Predictive Modeling: ‘Ensemble of Ensemble’
Meet the new nominal in predictive modeling
By Anindya Sengupta
Accurate prediction of the future is the most important motto of predictive modeling. With the adoption of predictive modeling and analytics across different industries, the focus on accuracy has increased massively. Predictive modelers across the globe have been in search of newer and more innovative techniques to increase their prediction accuracy. Against this backdrop, one method to consider for improving the accuracy of model predictions is the ensemble approach of modeling.
Ensemble models combine two or more models to enable a more robust prediction, classification or variable selection. The most common form of ensemble is combining weak decision trees into one strong model. The most prevalent methods in this regard are bagging and boosting. These machine-learning techniques have better accuracy than the erstwhile traditional statistical techniques such as least square estimation and maximum likelihood. However, the traditional techniques are more robust. We should ideally have a blended approach wherein we integrate the best parts of the two models. The new buzzword phrase in the predictive analytics world is “ensemble of ensemble” models.
There are different ways of combining different models. The most simplistic way of combining models is to take a simple or weighted average of the predictions from different models. For business problems with binary target variables, such as predicting the likelihood of fraud, this approach sometimes gives better results in terms of predicting the event rate. The major limitation to this approach is that the overall accuracy of this combined model lies between the accuracies of the individual models. Thus, this method is definitely not advisable for modeling continuous variables as overall accuracy matters most there. This method, however, can still be considered for modeling binary target variables.

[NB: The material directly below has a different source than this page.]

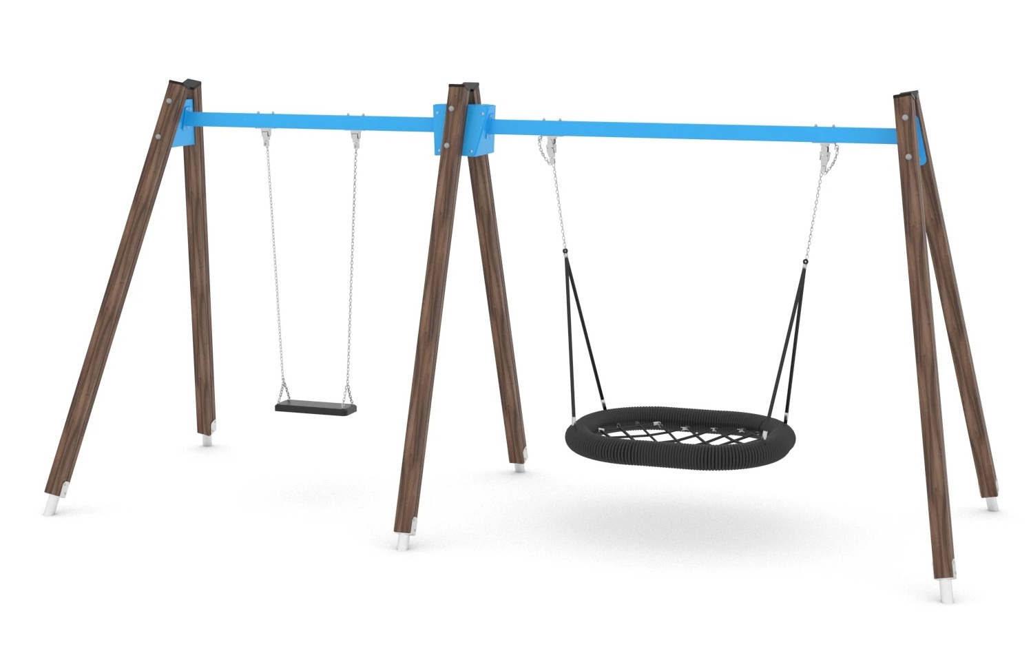 Качели комбинированные созданы из двух различных отдельных качелей. Одна более простая, другая большая подвесная качели. Стойки деревянные, а сами качели закреплены на металлических основаниях.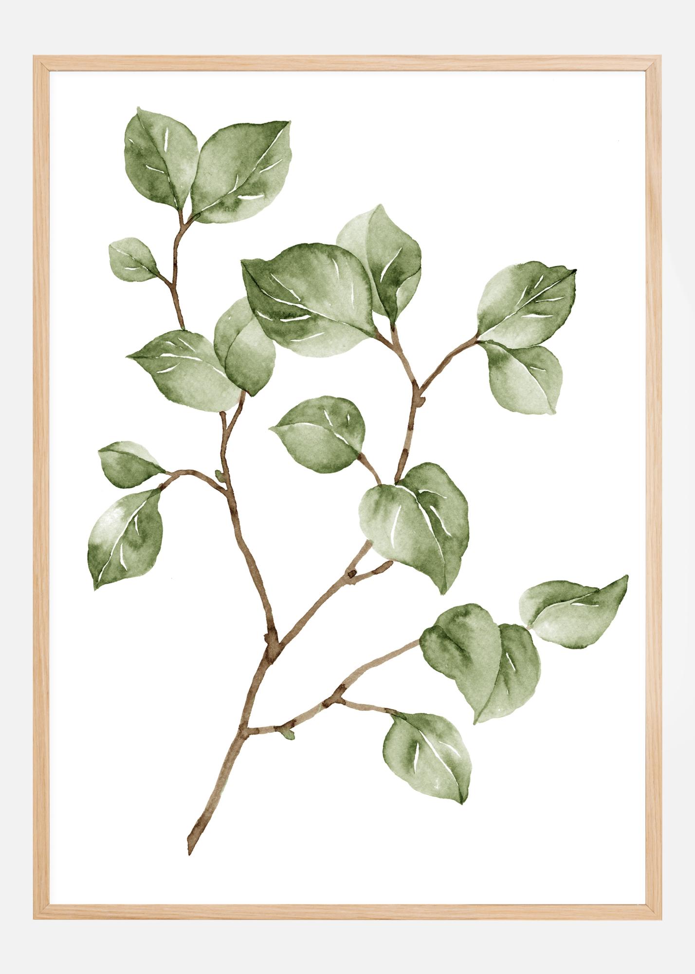 Un poster frumos cu o ramură subțire maro cu frunze mici verzi. Pictat pe o suprafață albă, culorile moi maro și verde evidențiază venele albe delicate de pe frunze. Un imprimeu frumos de agățat pe un perete verde deschis.

Best Practices of Modeling
Given the strength of the traditional models, one possible approach of combining the models can be to use the traditional models for variable selection. Then, with the chosen set of variables, we should run the machine-learning method incorporating bagging and boosting. This will ensure that all best practices of modeling are maintained. One argument against using the machine learning techniques is that the variable selection process is not well defined. Two highly correlated variables can be selected in the model, and business may not have much insight separately from these two variables as both of them may be suggesting similar insight. One of the best ways to solve this kind of problem is to use traditional models for variable selection and use those variables for machine learning models. This can be one kind of ensemble.
One of the more prevalent forms of combining two different models has been to use the output of one model as input in the other model. This happens in two-stage models. The entire literature on censor modeling is based on these two-stage models. One can use the inverse mills ratio calculated from the output of the first-stage model as an input to the second-stage model. The method of using output from the model in stage one as an input in the model in stage two can also be treated as some kind of ensemble modeling.
One of the most efficient methods of creating ensemble of ensemble models is to use the predictions of different models to develop a separate model on the target variable using the predictions as the predictors. In this way, we will get the final predictions as a function of the predictors. The model will determine the functional form. In this method, we are basically optimizing the predictions using the individual predictors. This method gives better results in terms of the overall accuracy of the model. The combined model generally has higher accuracy than the individual models.
More Accurate Results
Whatever way we use to combine different models, it has been generally observed that “ensemble of ensemble” models give more accurate results than individual models. This has been the new normal in the predictive modeling world.
Going forward, ample research is needed on exploring more innovative ways of creating ensembles of traditional and the machine-learning models. Given the focus on prediction accuracy, researchers need to focus on more scientific ways of combining models in order to ensure maximum accuracy.
Anindya Sengupta is an associate director at Fractal Analytics (www.FractalAnalytics.com).